H6 Persoonlijkheidsstoornissen

advertisement
H6 Persoonlijkheidsstoornissen
Vorig jaar hoorden de persoonlijkheidsstoornissen bij de ‘as 2 – stoornissen’.
Nu heeft DSM-5 beslist om de assen af te schaffen (het is een as 1 stoornis geworden)
Het 0-1 model (je hebt het of je hebt het niet) wordt veranderd naar een dimensioneel model,
wat vooral belangrijk is voor persoonlijkheidsstoornissen.

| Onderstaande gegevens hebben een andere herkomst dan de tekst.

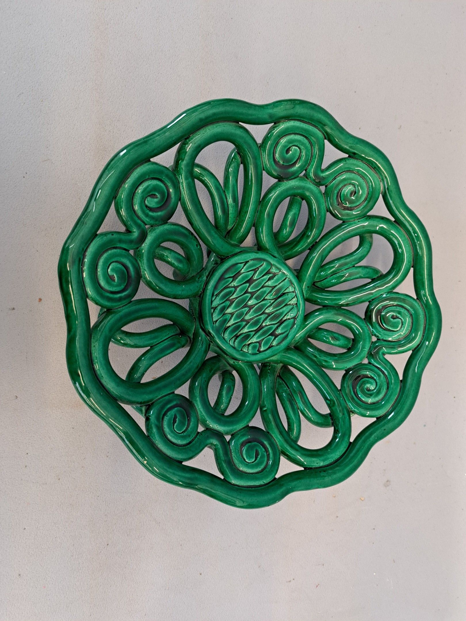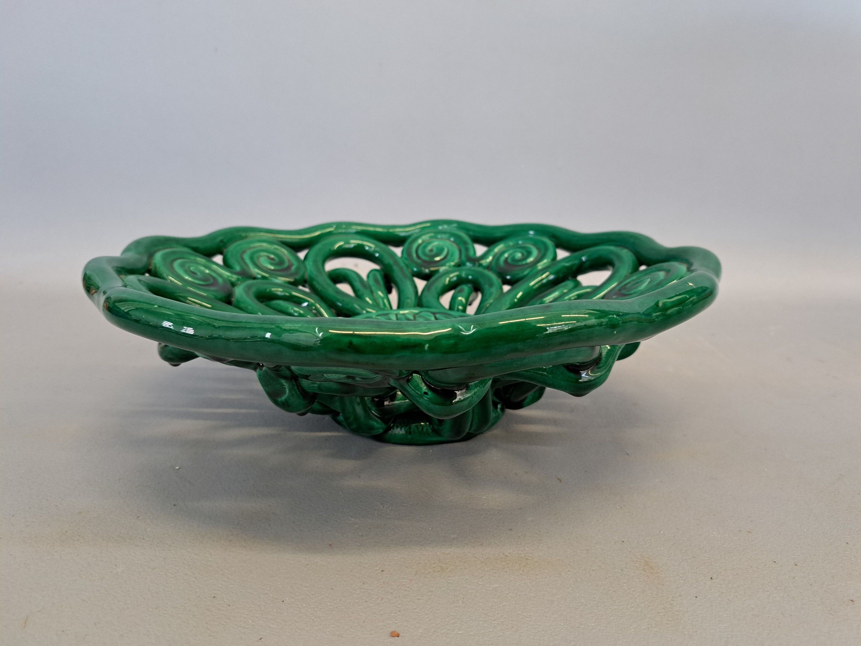 A large green glazed ceramic bowl decorated with scrolls and basketwork motifs.
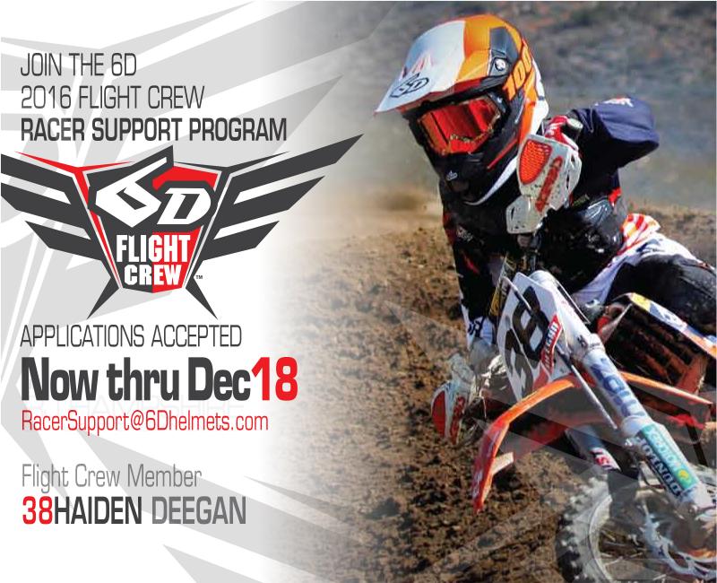 Brea, Ca - 6D Helmets is pleased to announce the return of our 6D Flight Crew Racer Support Program! This program is activated exclusively through 6D "Flight Crew" dealers. The 6D Flight Crew program is designed to help out the racer that is competing week in and week out at both the local and national level.
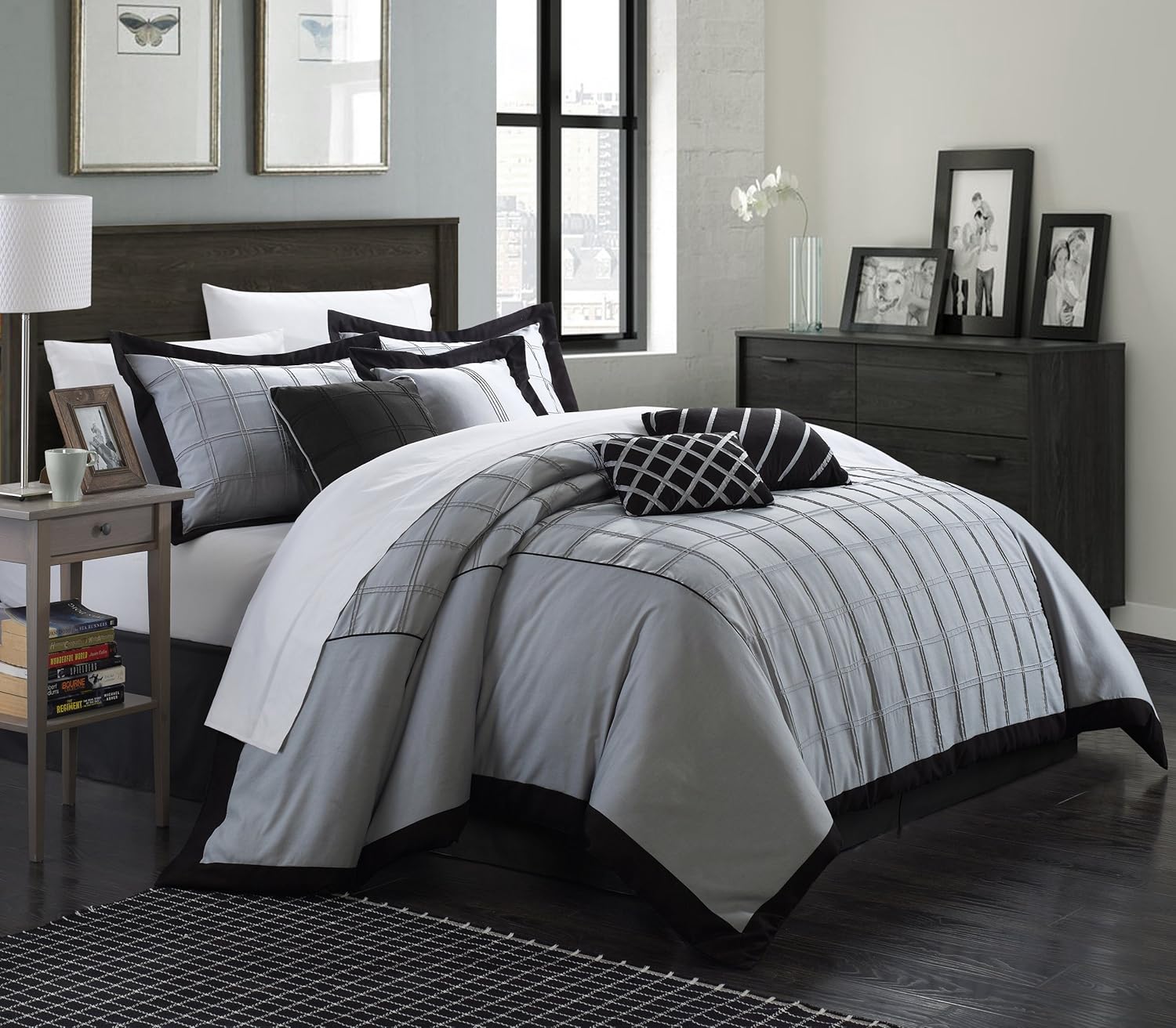 Amazon Com Chic Home 8 Piece Rhodes Pintuck Color Block Comforter

1. Algemene diagnostische criteria voor een persoonlijkheidsstoornis
A. Een duurzaam patroon vaan innerlijke ervaringen en gedragingen die duidelijk afwijken van
de verwachtingen binnen de cultuur van de betrokkene.
→
Duurzaam: het zit ‘erin’ en toont zich op een breed terrein. Het begint minstens in de
vroegere adolescentie of volwassenheid
→
Het is een gedrag dat niet strookt met onze cultuur bv. rouwen,
in sommige culturen heel intens, bij ons ingetogen, wij zouden hun gedrag als
‘theatraal’ kunnen beschouwen, maar voor hen is het normaal en daarom geen
persoonlijkheidsstoornis
→
Dit patroon w zichtbaar op 2 (of meer) vd volgende terreinen:
1) Cognities : wijze van waarnemen en interpreteren van zichzelf, anderen en
gebeurtenissen
2) Affecten : de draagwijdte, intensiteit, labiliteit en de adequaatheid van de
emotionele reacties
3) Functioneren in het contact met anderen
4) Beheersing van de impulsen
B. Het duurzame patroon is star en op een breed terrein van persoonlijke en sociale situaties
C. Het duurzame patroon leidt in significante mate tot lijden of beperkingen in het sociaal en
beroepsmatig functioneren of het functioneren op andere belangrijke terreinen.
→ De persoon of omgeving lijdt hieronder
D. Het patroon is stabiel en van lange duur en het begin kan worden teruggevoerd naar ten
minste de adolescentie of de vroege volwassenheid
E. Het duurzame patroon is niet: een andere psychische stoornis
→ Het gedrag mag niet afkomstig zijn van een andere psychische stoornis
F. Het duurzame patroon is niet: een middel of somatische aandoening
→ Het gedrag is niet afkomstig van alcohol, drugs,… of van een somatische aandoening
ten gevolge van bv. een verkeersongeval, bloeding in frontale hersenschors,…
2. Clusters

Cluster A : predicaat: ‘vreemd’/psychotisch
→ Mensen die we raar zouden vinden, ze hebben rare ideeën, rare constructen over de
wereld
→ Ze LIJKEN psychotisch maar als je er mee zou praten hebben ze geen wanen of
hallucinaties
→ Diepst gestoorde persoonlijkheid

Cluster B: predicaat: ‘moeilijk’/impulsief
→ Moeilijke mensen, berokkenen andere mensen last, vooral omdat ze impulsief zijn
→ Eerst doen, dan denken

Cluster C: predicaat: ‘angstig’/neurotisch
→ Zeggen altijd ‘ik zou zo graag dat doen, maar ik durf niet, ik mag niet, ik kan niet’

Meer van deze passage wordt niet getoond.